魏锦明吓的忙跪在地上磕头,还没有好的脑门,再次被磕破,血再次顺着额头往下流。
“起来。”
林嘉月无语,跪得真快,马上就把头磕破了。
难不成是她太霸气了?
或许是她现在还没有彻底理解,感受到皇权世界,身为皇帝的权柄。
她是还没有亲政,可要是她非要发疯,跟这些京都大佬同归于尽,别人也没办法。
这个世界上不缺同归于尽的精神,问题是还没接触到人,就先死了。
要不然说斩首是三大军功之一呢。
但她是皇帝,她叫谁来见自己,没有人能拒绝。
再说了,宦官是家奴,杀不杀是她一句话的事。
魏锦明比任何人都知道,自己的生杀大权在谁手里,尽管陛下让自己起来,她也不敢真的起来。
林嘉月蹙眉,“以后不要让朕说第二遍。”
“谢陛下。”
魏锦明连忙站了起来,林嘉月没有直接说让她怎么做,若是她听不出来,就没有第二次机会了。

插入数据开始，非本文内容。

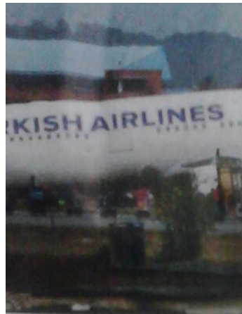
runway while landing in dense fog angers and 11 crew members in the are likely responsible for the

魏锦明会一直提醒自己,她是犯过错的人,决不能再犯错。
使功不如使过,功高会盖主,有过就会一直保持警醒。
但不管什么都有一个度,太过压迫,迎来的只会是反抗。
“去让御医把头包好,今日你便休息吧。”
魏锦明还要再跪,见林嘉月的视线扫过来,眼泪顺着脸颊就流了下来,“陛下待奴才如此好,奴才……”
“好好做事。”
林嘉月收回了视线,继续练字。
她上辈子写过字,练的草书,人家说医生的字不能被患者看懂,于是她赶时髦去练了草书,硬笔楷书写的还不错,毛笔当真是一言难尽。
得亏了有身体记忆,不然她写得更丑。
楷书立基,因为原身的字一直很差,所以到现在依然练楷书。
一会儿她练的字是要送给内阁给陆斯灵看的,看着这幅大字,陆斯灵怕不是会觉得她是个傻子。
哦,还有一篇策论。
写作文就算了,策论是要之乎者也的。
她在策论上写:文书传递附记经手官吏姓名,追责到人,并且由底层小吏记录传递下去的政策,直接由死信箱递到中枢,形成闭环,皇城司成立监管,死信箱只进不出,保守密令,双管齐下,确保政令下行。